• **What the task asks**: Please give the lines below again exactly as they stand, from the one that contains "Assortment of Wooden" up to and including the one that contains "Important goals of", leaving all pictures out.

• **Dataset extract**:
..........
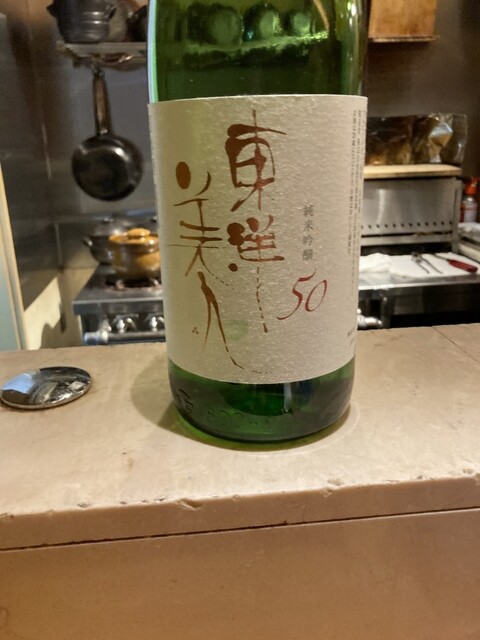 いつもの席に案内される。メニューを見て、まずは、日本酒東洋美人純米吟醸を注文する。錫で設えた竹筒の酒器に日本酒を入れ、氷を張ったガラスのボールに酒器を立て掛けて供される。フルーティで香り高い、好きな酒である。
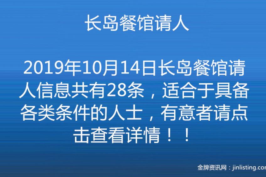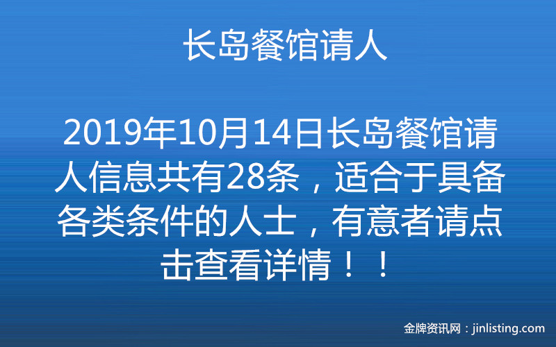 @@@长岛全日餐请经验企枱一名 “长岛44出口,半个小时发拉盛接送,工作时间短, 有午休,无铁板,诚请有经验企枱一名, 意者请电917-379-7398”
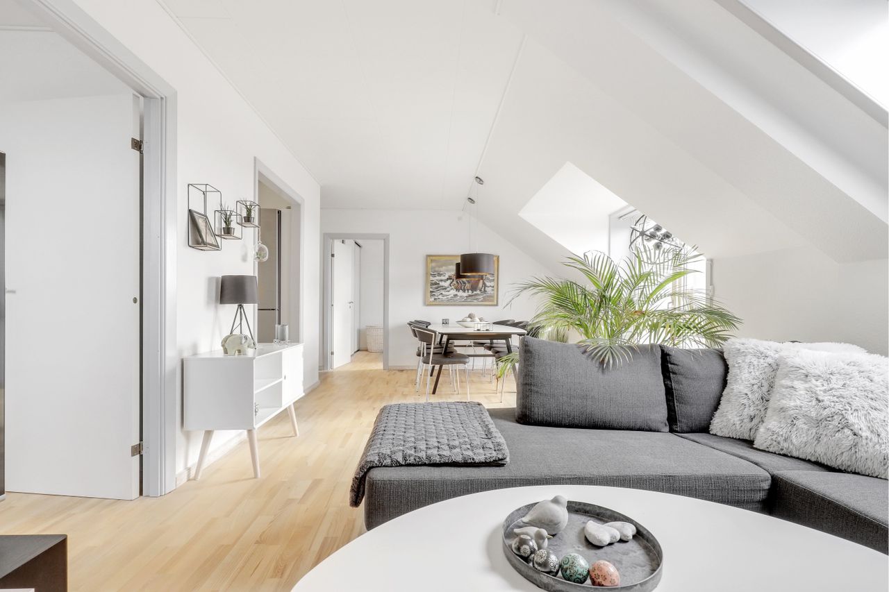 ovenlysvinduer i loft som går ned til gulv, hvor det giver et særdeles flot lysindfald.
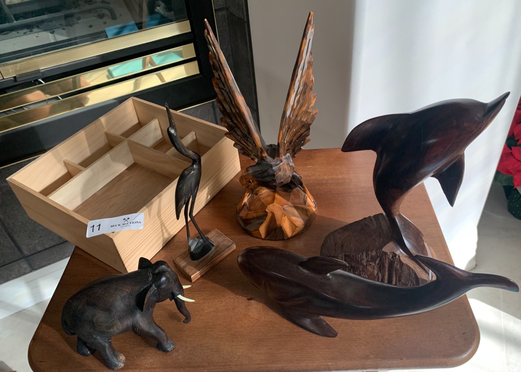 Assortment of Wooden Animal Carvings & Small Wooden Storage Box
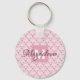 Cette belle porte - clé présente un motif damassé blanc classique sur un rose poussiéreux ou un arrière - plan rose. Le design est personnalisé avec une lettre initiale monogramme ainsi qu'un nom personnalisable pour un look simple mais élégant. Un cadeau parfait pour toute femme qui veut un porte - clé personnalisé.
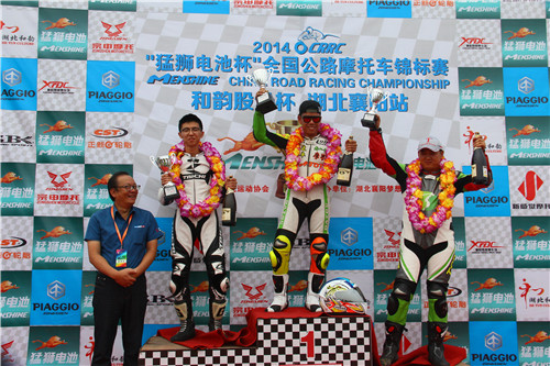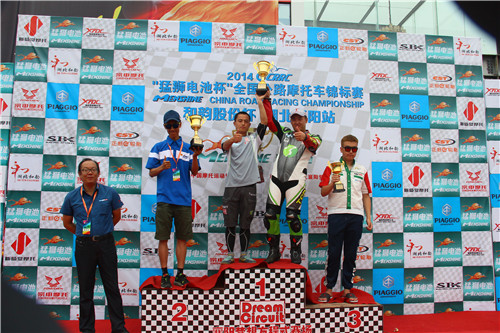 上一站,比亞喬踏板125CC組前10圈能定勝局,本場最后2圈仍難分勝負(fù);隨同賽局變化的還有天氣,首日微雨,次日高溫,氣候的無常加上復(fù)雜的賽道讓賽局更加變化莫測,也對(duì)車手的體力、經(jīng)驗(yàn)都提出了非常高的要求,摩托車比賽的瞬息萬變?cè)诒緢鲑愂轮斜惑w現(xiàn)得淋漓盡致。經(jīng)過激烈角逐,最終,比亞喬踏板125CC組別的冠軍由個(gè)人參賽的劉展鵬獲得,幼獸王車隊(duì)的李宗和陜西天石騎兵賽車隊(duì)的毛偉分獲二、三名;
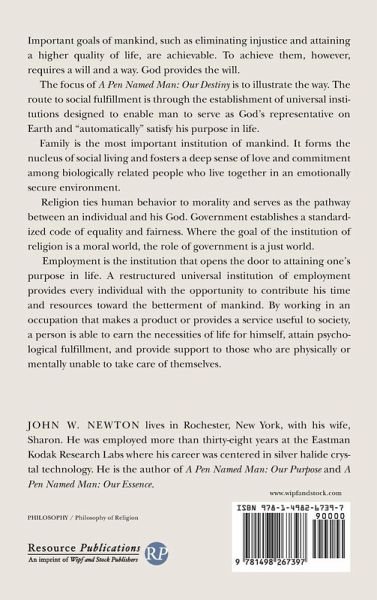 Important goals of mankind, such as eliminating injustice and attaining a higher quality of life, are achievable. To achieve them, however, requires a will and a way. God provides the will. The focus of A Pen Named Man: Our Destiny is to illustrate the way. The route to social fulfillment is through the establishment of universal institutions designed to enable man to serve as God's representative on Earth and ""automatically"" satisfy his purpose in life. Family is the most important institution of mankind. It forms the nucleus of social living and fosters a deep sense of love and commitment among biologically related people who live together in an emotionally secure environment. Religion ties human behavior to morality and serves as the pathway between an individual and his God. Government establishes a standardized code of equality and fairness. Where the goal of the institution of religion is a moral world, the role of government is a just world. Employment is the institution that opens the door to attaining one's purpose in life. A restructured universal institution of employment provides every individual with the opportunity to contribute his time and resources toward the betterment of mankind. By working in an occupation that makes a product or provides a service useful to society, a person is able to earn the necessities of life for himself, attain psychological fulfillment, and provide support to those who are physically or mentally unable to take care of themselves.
..........
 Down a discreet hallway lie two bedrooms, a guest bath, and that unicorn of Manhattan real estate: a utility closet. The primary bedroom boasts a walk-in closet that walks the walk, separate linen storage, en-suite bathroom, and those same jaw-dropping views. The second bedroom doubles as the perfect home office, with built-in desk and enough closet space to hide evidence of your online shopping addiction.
..........
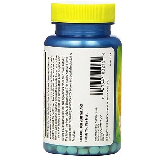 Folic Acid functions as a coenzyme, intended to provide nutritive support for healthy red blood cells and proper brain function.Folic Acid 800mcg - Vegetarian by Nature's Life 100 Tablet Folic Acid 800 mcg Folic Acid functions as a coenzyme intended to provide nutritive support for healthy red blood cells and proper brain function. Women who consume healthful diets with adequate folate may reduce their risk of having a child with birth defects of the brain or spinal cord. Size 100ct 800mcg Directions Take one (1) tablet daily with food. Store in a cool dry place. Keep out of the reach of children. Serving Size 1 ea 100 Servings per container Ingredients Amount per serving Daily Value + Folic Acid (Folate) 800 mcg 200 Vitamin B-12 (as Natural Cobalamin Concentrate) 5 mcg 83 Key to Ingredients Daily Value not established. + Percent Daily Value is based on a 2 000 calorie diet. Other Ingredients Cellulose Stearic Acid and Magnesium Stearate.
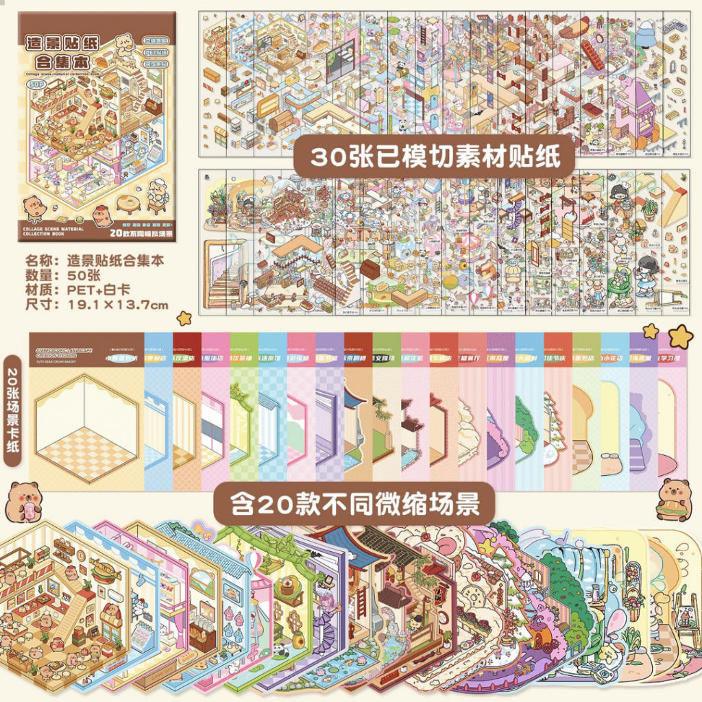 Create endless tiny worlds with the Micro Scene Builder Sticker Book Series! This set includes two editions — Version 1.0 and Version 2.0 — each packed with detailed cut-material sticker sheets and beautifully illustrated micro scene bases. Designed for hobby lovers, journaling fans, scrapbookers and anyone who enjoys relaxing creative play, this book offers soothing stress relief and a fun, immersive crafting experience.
..........
• **Result of the exercise**:
 Assortment of Wooden Animal Carvings & Small Wooden Storage Box
 Cette belle porte - clé présente un motif damassé blanc classique sur un rose poussiéreux ou un arrière - plan rose. Le design est personnalisé avec une lettre initiale monogramme ainsi qu'un nom personnalisable pour un look simple mais élégant. Un cadeau parfait pour toute femme qui veut un porte - clé personnalisé.
 上一站,比亞喬踏板125CC組前10圈能定勝局,本場最后2圈仍難分勝負(fù);隨同賽局變化的還有天氣,首日微雨,次日高溫,氣候的無常加上復(fù)雜的賽道讓賽局更加變化莫測,也對(duì)車手的體力、經(jīng)驗(yàn)都提出了非常高的要求,摩托車比賽的瞬息萬變?cè)诒緢鲑愂轮斜惑w現(xiàn)得淋漓盡致。經(jīng)過激烈角逐,最終,比亞喬踏板125CC組別的冠軍由個(gè)人參賽的劉展鵬獲得,幼獸王車隊(duì)的李宗和陜西天石騎兵賽車隊(duì)的毛偉分獲二、三名;
 Important goals of mankind, such as eliminating injustice and attaining a higher quality of life, are achievable. To achieve them, however, requires a will and a way. God provides the will. The focus of A Pen Named Man: Our Destiny is to illustrate the way. The route to social fulfillment is through the establishment of universal institutions designed to enable man to serve as God's representative on Earth and ""automatically"" satisfy his purpose in life. Family is the most important institution of mankind. It forms the nucleus of social living and fosters a deep sense of love and commitment among biologically related people who live together in an emotionally secure environment. Religion ties human behavior to morality and serves as the pathway between an individual and his God. Government establishes a standardized code of equality and fairness. Where the goal of the institution of religion is a moral world, the role of government is a just world. Employment is the institution that opens the door to attaining one's purpose in life. A restructured universal institution of employment provides every individual with the opportunity to contribute his time and resources toward the betterment of mankind. By working in an occupation that makes a product or provides a service useful to society, a person is able to earn the necessities of life for himself, attain psychological fulfillment, and provide support to those who are physically or mentally unable to take care of themselves.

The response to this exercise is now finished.